# Minimum Printable Margins



## Ksiaze (Aug 18, 2003)

I have laserjet HP 6P. As I know most printers have a "minimum printable margins". I found: my printer prints with all 4.3 mm (0.167 in.) margins. Do you know any way to reduced this area to "0"... Sometimes I need print 1:1, than I must reduced my print to printable area.


----------



## Anne Troy (Feb 14, 1999)

To find absolute minimal margins for your printer:
File-->Page Setup-->Margins tab.
Set all margins to zero and hit OK.
When asked, choose FIX.
Then check margin settings.
Unless you have the wrong printer driver installed, you CANNOT print any closer than that to the edge of a page because your printer requires a certain amount of the edge of the paper to pull the paper through the printer. Really expensive and huge printers actually use friction to pull paper through the printer and can sometimes have zero margins. I used an HP6 extensively, and I know that you cannot have zero margins.


----------



## Ksiaze (Aug 18, 2003)

You wrote: "Really expensive and huge printers actually use friction to pull paper through the printer and can sometimes have zero margins." 
Right. That's what I think, some expensive printers can print without margins. I don't remember model, but when I was working in a big company, we got a printers like this. Unfortunatelly HP 6P is not huge and expensive  
Thank you for help and suggestion.


----------



## Anne Troy (Feb 14, 1999)

Yeah...the ones we used were color printer/copiers. We had a Canon something, which was like a $25,000 machine, and then we had a Xerox I think. And it was a quarter-million dollar machine. That one allowed zero margins.

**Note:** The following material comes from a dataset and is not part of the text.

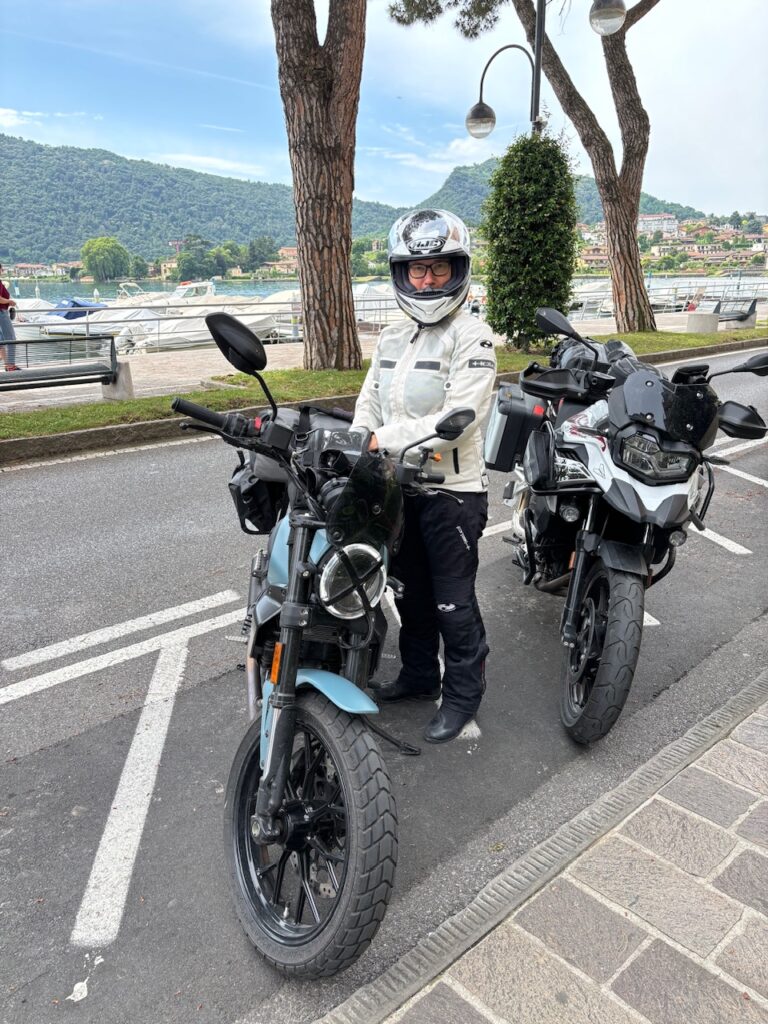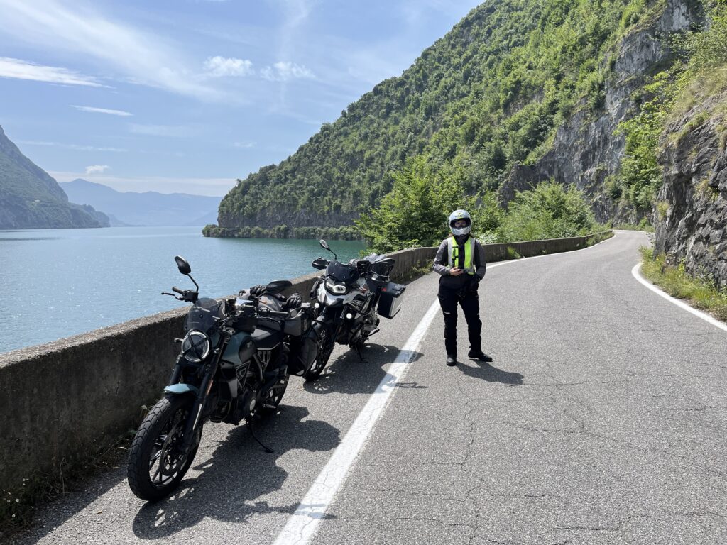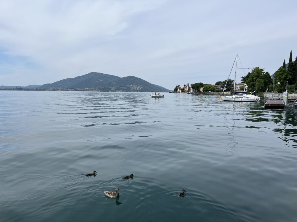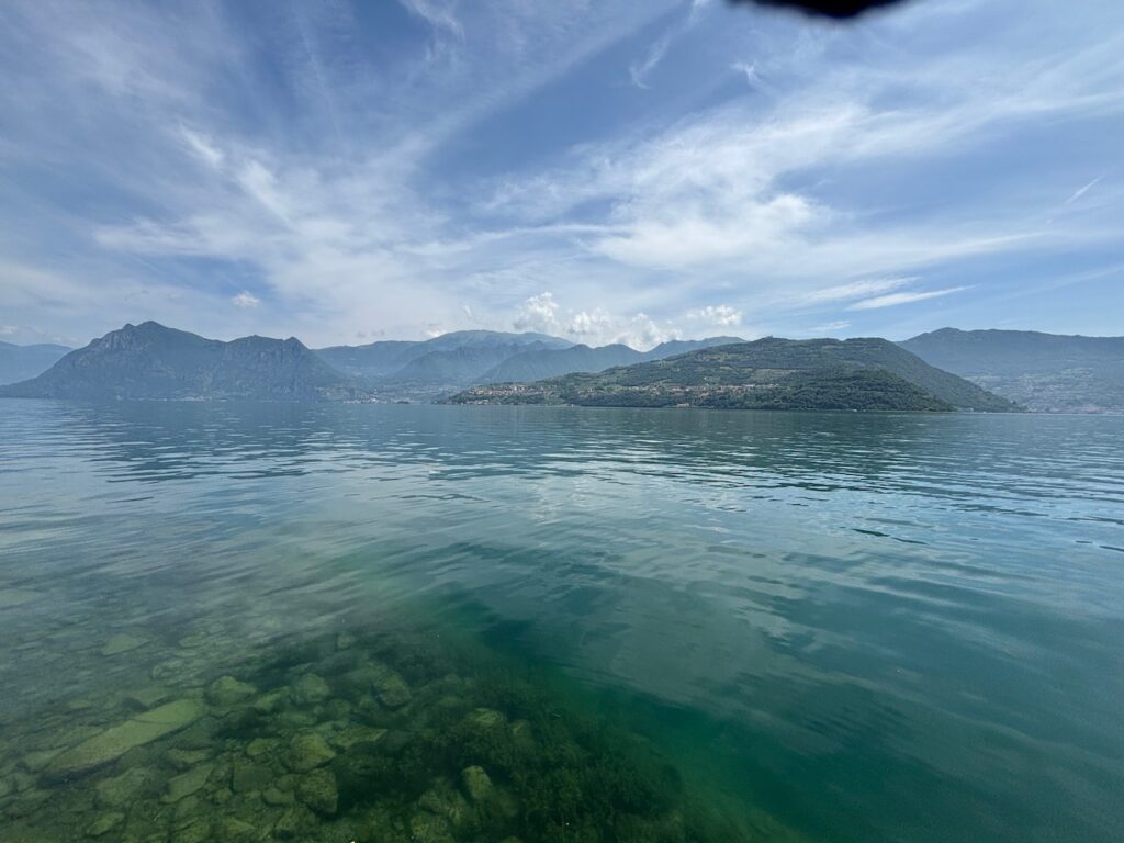 Es geht entlang von Agrarflächen und durch Chiari bis an das Südende des Lago d‘Iseo und dann am Westufer weiter. Der See selber sowie die Ortschaften sind kleiner und somit auch entspannter als der Gardasee. Wir gönnen uns eine Kaffeepause am See, der genau wie der Gardasee sehr klares Wasser hat.

One always needs to be careful too when creating files to make sure they have reasonable minimum margins--particularly if the file might be sent to and printed from some other printer/location.

Do you have some sort of graphic or something? Or were you hoping to have the ink "bleed" to the edge of the page?


----------



## Ksiaze (Aug 18, 2003)

"Do you have some sort of graphic or something? Or were you hoping to have the ink "bleed" to the edge of the page?"

Well, not exactly. 
Most jobs I finished on my HP 6P. Usually simple projects. Many people have no idea printer can "cut" edge and I am tired to explain each other 
Have no choice for my pocket.


----------